My chemotherapy was delivered over a three day period. The first day, I received an infusion of three chemicals at the hospital (after a checkup to see that I was in shape) and then at home, I was connected to a further pump (contained in a large camera bag) for 46 hours. This connection was done by a nurse under contract to CCAC who were responsible for seeing that the required equipment and supplies were delivered to my home and who “managed” my case. I had no written documentation of this process or any way (at least initially) to contact them except by phone. This left me very uncertain. Initially, the chemicals and pump were delivered from a commercial pharmacy in 905 territory the day before their requirement. As some of you know, road transportation in Toronto is challenging.

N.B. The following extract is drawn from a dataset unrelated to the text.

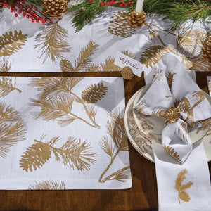 Bring the forest to your table-minus the squirrels. This set of two white placemats features a scattered print of pine needles and shimmering gold pinecones that add just the right amount of woodland glam. The fine linework gives it a hand-drawn feel, while the golden accents bring a festive sparkle to cozy dinners, cabin brunches, or Tuesday night takeout that deserves a little flair. Pair with coordinating napkins and runners from our tabletop line to create a look that's woodsy, warm, and wonderfully put-together. Listing is for a set of 2 placemats only.
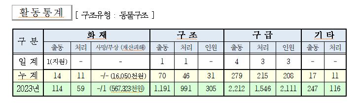 ○ 구조 1건(동물구조 1)

Because some chemotherapy sessions are cancelled because of patient ill health, CCAC decided to issue the order for delivery of the material only after the chemo infusion had started in the hospital. Initially, the material was being delivered late in the evening which meant that my nurse had to wait around downtown to service me. The uncertainty of delivery and the extra demands on my caregiver were really unacceptable and added significant stress to my life, I managed to obtain the email address of the relevant manager and wrote an appropriate letter of complaint with a copy to my oncologist. After several letters, service has improved significantly which reduced my stress. My general impression of CCAC is that their mission is to reduce costs rather than relieve patient stress. That has been confirmed by others who are not in a position to speak as frankly as I do.

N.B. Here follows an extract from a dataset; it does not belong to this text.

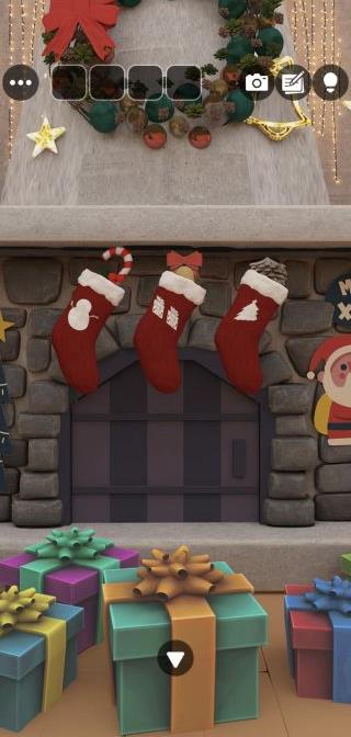 くつ下に左から「キャンディケイン」「ベル」「松ぼっくり」を入れる。

My general impression is that the system uses much too much paper. Many reports and documents are hand written with substantial communications via fax. Having a private fax system meant that I could request delivery of appointment information and have something useful. Other people have to rely on the phone communication of appointments. For the English-challenged, this must add significant stress. I did not see any indication of completely integrated medical records. However, the hospital had impressive medical imaging systems so that the doctors could review test results quickly. Location of service delivery remains a real challenge. I was lucky enough to live downtown Toronto, a city with major teaching hospitals. I felt very guilty when I heard of the major transportation challenges faced by my fellow patients to make early appointments in a city that is being challenged by the automobile and bad governance. This is both an infrastructure and service delivery issue that could be radically improved but needs careful planning.
My general impression is that the health care system is still substantially undercapitalized and under-resourced. The challenge is that as health care technology and procedures improve, the scope of care continues to increase. They can do more for us and offer us a better quality of life but this requires more resources. Most of us would likely support this if we have a rational view of our own health care requirements. If we wish a productive workforce and society, we should support this in general.